The Model Context Protocol represents significant advancement in AI agent capabilities, but its security implications require immediate attention. This research demonstrates that client-side MCP security is currently inadequate, with attack success rates reaching 100% in some implementations. However, secure clients such as Claude Desktop and Cline prove that effective defenses are achievable. Securing the ecosystem of AI agents requires collaboration. Protocol designers must incorporate security by design, developers must prioritize security alongside features, organizations must demand accountability, and users must remain vigilant. As AI agents gain autonomy, the security foundations established today will determine whether this technology fulfills its potential or becomes a vector of exploitation.
This research provides a comprehensive client-side security analysis of Model Context Protocol implementations using STRIDE and DREAD threat modeling with 50+ identified threats.
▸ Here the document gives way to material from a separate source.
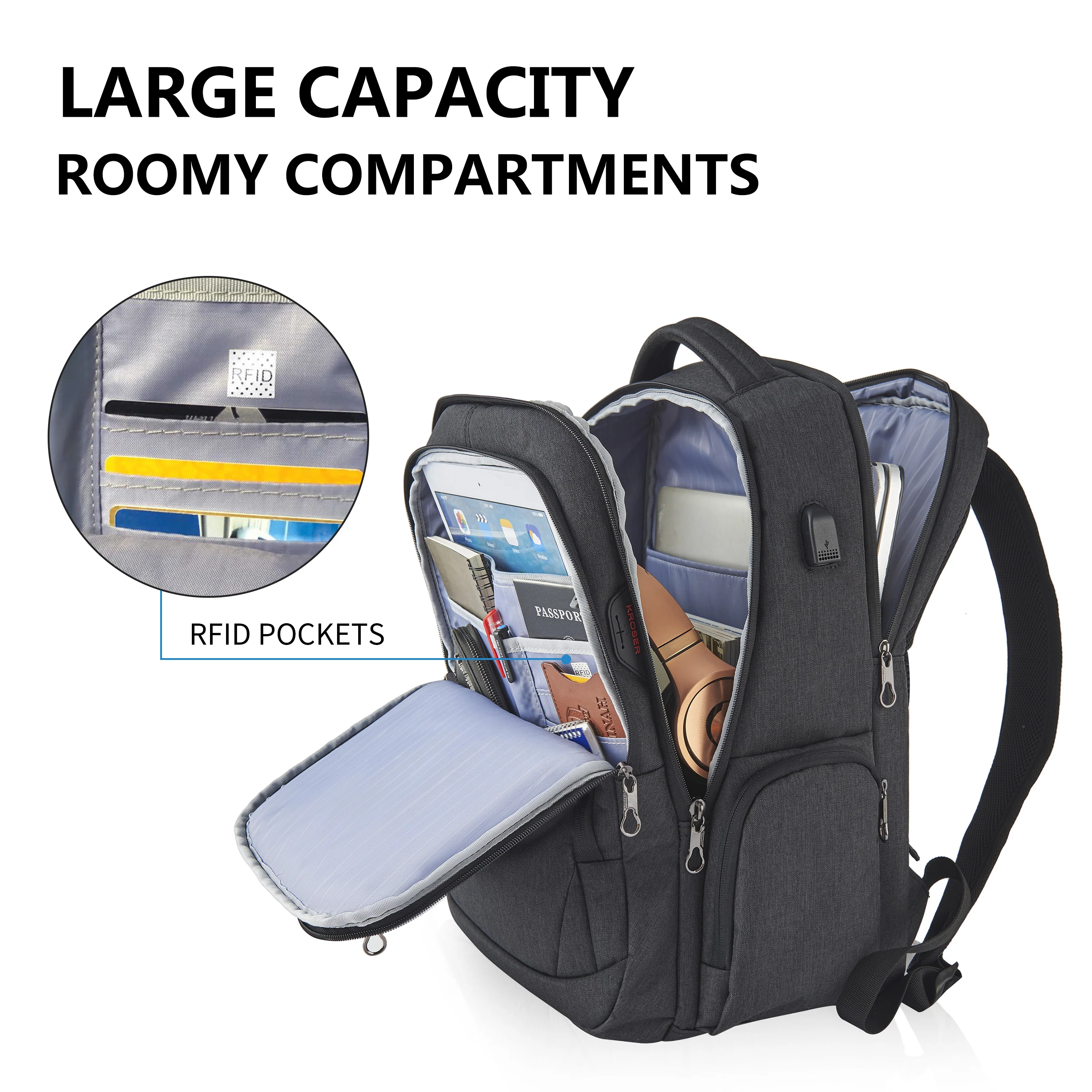 - MULTI-FUNCTIONAL COMPARTMENTS: Separated compartments and pockets are designed to provide roomy space for your computer, iPad, power bank, A4 files, wallet, pens, cards, clothes, etc. Well-padded foam for your computer with organizer dimensions fits up to 17.3 inch laptop. RFID Pockets with Identity protection function protects date encoded on most IDs, credit cards and passports.

Our evaluation of seven major MCP clients across four tool poisoning attack vectors reveals the following:
  • Widespread vulnerabilities: Attack success rates range from 0% (Claude Desktop) to 100% (Cursor), demonstrating significant security variance across implementations;
  • Tool poisoning effectiveness: Malicious tool descriptions successfully enable credential theft, surveillance, and phishing attacks;
  • No standardized security: MCP lacks unified security guidelines, resulting in inconsistent protection levels;
  • Architecture matters: Trust models and validation mechanisms determine security posture more than implementation details.
Future research directions include the following: (1) implementing a detection tool for MCP security, (2) implementing anomaly detection tools with eBPF for production deployment, (3) conducting responsible disclosure to additional vendors and tracking remediation efforts, (4) expanding testing to additional clients and attack variants as the MCP ecosystem evolves, and (5) developing comprehensive security guidelines and deployment best practices for enterprise MCP adoption.

Author Contributions

Conceptualization, C.H., X.H., N.P.T. and A.M.F.; methodology, C.H., X.H., N.P.T. and A.M.F.; software, C.H. and X.H.; validation, C.H., X.H., N.P.T. and A.M.F.; formal analysis, C.H.; X.H., N.P.T. and A.M.F.; Investigation, C.H., X.H., N.P.T. and A.M.F.; Writing—original draft preparation, C.H., X.H., N.P.T. and A.M.F.; writing—review and editing, C.H., X.H., N.P.T. and A.M.F.; supervision, A.M.F.; project administration, A.M.F. All authors have read and agreed to the published version of the manuscript.

Funding

This research received no external funding.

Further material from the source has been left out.